Breaking events by streak length gives no consistent pullback pattern: 5-day streaks average 0.0096, 6-day streaks average -0.012, and 7+ day streaks average 0.0201. The means bounce around (one negative, one strongly positive) rather than trending downward as streak length increases. Given the total of 21 events, these bucket means are noisy, which supports the conclusion that longer streaks don’t produce a reliable short-term mean reversion.
Per-bucket summary (forward 3-day returns)
| bucket | N | mean | median | std |
|---|---|---|---|---|
| 5 | 13 | 0.0096 | 0.0163 | 0.03 |
| 6 | 4 | -0.012 | -0.0283 | 0.0425 |
| 7+ | 4 | 0.0201 | 0.0126 | 0.0317 |
Event-level anchors (first 50 rows)
| date | streak_len | fwd_3d_return |
|---|---|---|
| 2023-11-07 | 5 | 0.0523 |
| 2023-11-08 | 6 | 0.0504 |
| 2023-11-09 | 7 | 0.0647 |
| 2023-11-10 | 8 | 0.0083 |
| 2023-11-13 | 9 | 0.017 |
| 2023-11-14 | 10 | -0.0096 |
| 2024-01-10 | 5 | 0.0371 |
| 2024-01-24 | 5 | 0.0269 |
| 2024-03-25 | 5 | -0.0549 |
| 2024-05-24 | 5 | 0.0229 |
| 2024-05-28 | 6 | -0.0418 |
| 2024-08-16 | 5 | 0.0343 |
| 2024-08-19 | 6 | -0.0355 |
| 2024-10-08 | 5 | 0.0103 |
| 2025-06-27 | 5 | -0.0021 |
| 2025-09-12 | 5 | -0.0348 |
| 2025-10-01 | 5 | -0.0071 |
| 2025-10-02 | 6 | -0.0211 |
| 2025-10-29 | 5 | -0.0048 |
| 2026-04-07 | 5 | 0.0279 |
| 2026-04-15 | 5 | 0.0163 |
The takeaway
Short answer: no — five-plus day green streaks in NVDA do not leave the stock measurably "due" for a pullback over the next three trading days. The mean 3-day return after those 21 events was +0.75% (N=21) versus +0.74% for the 749-day unconditional baseline; medians were +1.03% vs +0.62% and positive-return rates were 57% vs 55%. A formal Welch test gives t≈0.012 and a two-sided p≈0.990, i.e., there is virtually no statistical difference and about a 99-in-100 chance the tiny observed gap is compatible with noise — and the event sample is small.
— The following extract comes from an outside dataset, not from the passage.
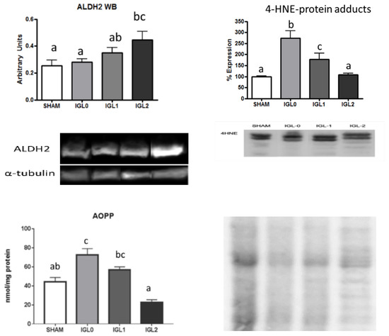 ALDH2 expression and levels of AOPP and 4HNE protein adducts in steatotic liver samples for SHAM, IGL-0, IGL-1, and IGL-2 groups. Results are expressed as mean ± SEM (n = 6). Different lowercase letters indicate significant differences among treatments (one-way ANOVA, p < 0.05).
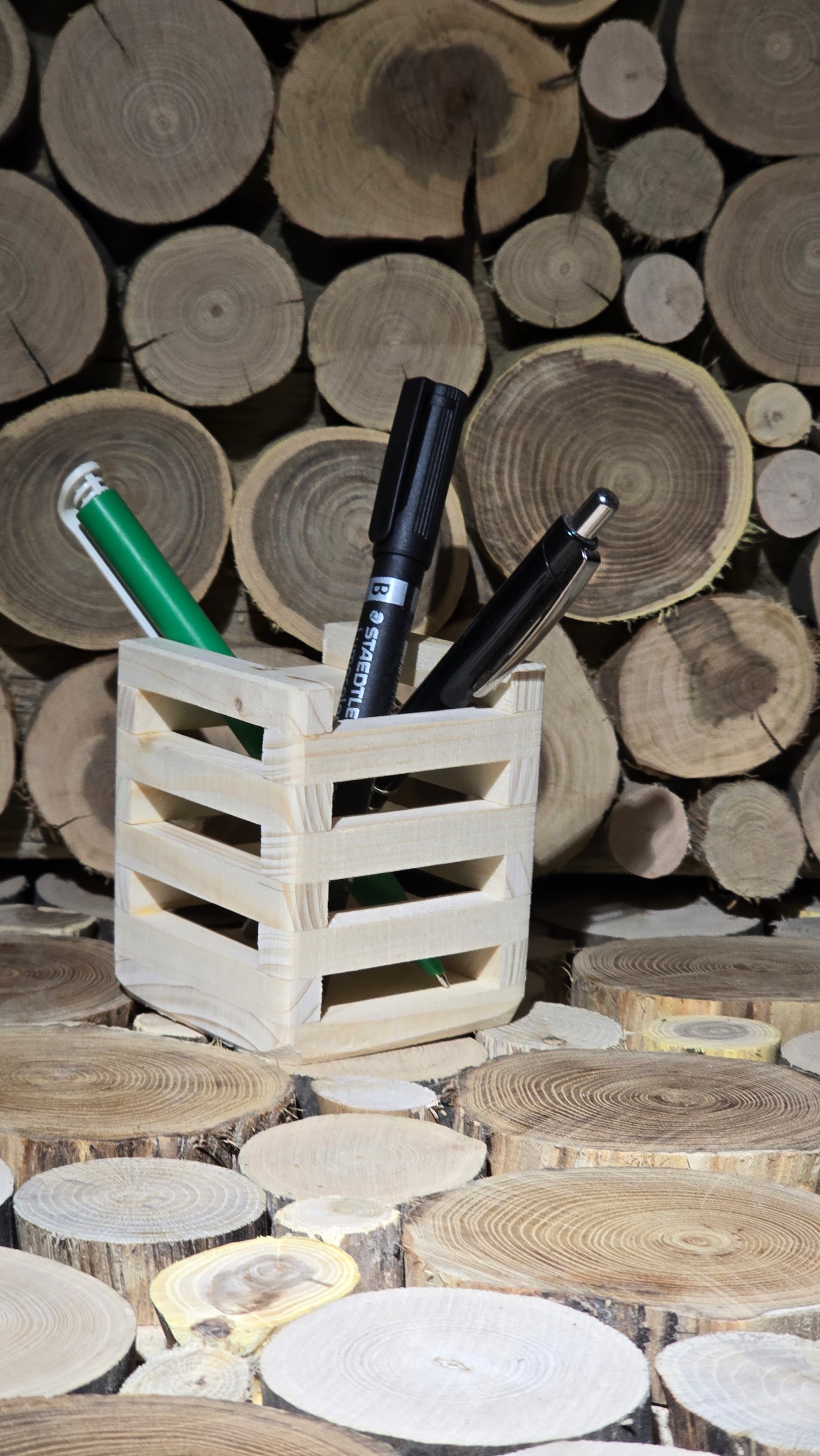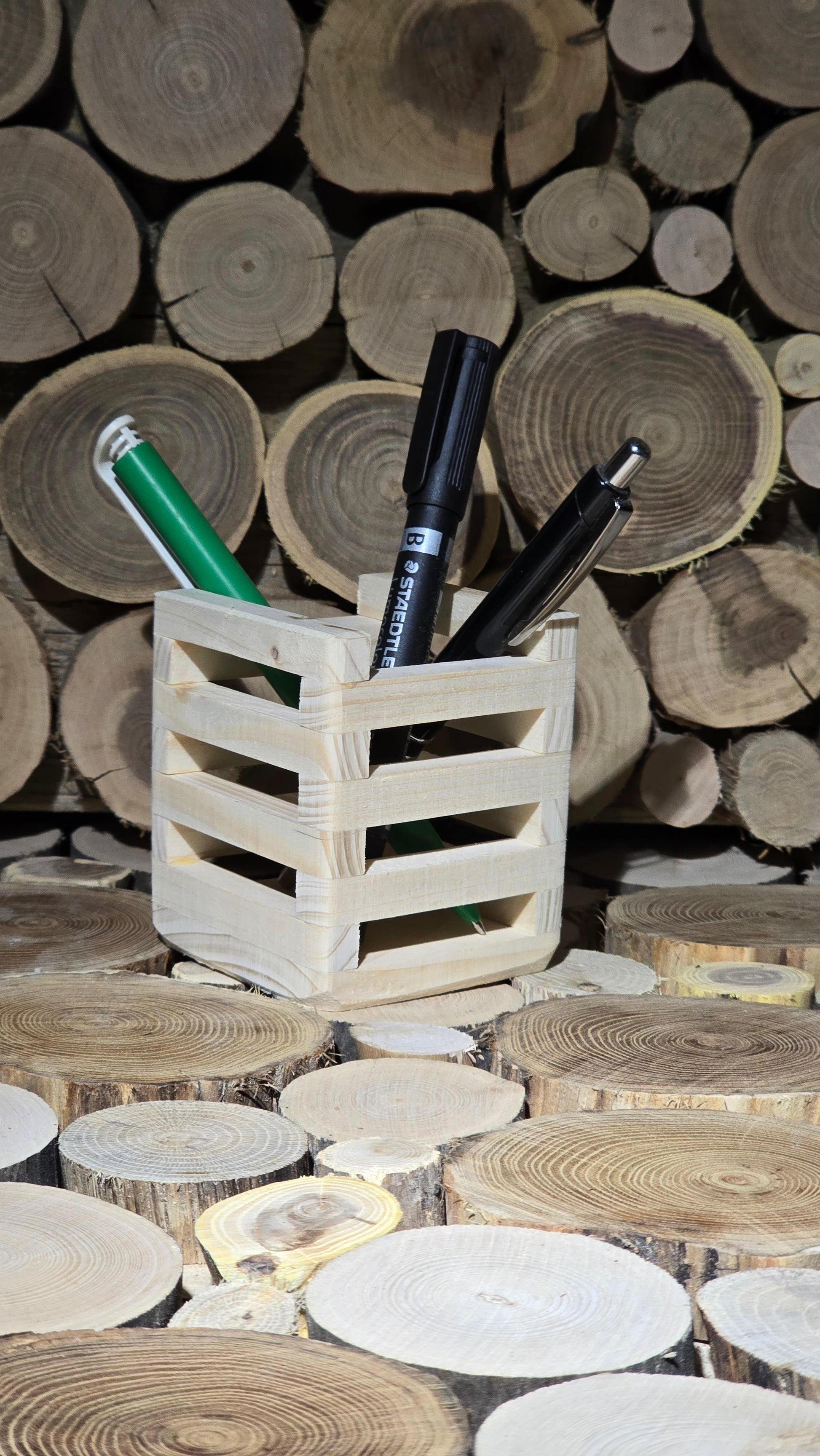 Svoj pribor v pisarni lahko učinkovito ter urejeno shranite v leseni posodi- primerni tudi za recepcijo. Narejena je iz tankega lesa različnih vrst- smreke, hrasta, oreha ter drugih.

The bucket breakdown (5-day mean +0.96%, 6-day −1.20%, 7+ day +2.01%, with Ns 13/4/4) shows wild swings but those subgroups are tiny and noisy. Practical takeaway: these three-year numbers support the thesis that the ‘‘overdue for a dip’’ reflex is not showing up as a reliable, tradeable mean-reversion edge on a 3-day horizon.
The fine print
- Only 21 up-streak events over the 3-year window — thin sample for firm conclusions.
- Event windows cluster and overlap baseline days, inflating effective degrees of freedom.
- Per-length buckets are tiny (13, 4, 4), so subgroup means are noisy.
- Baseline is unconditional and includes event days; a non-overlapping control could shift estimates.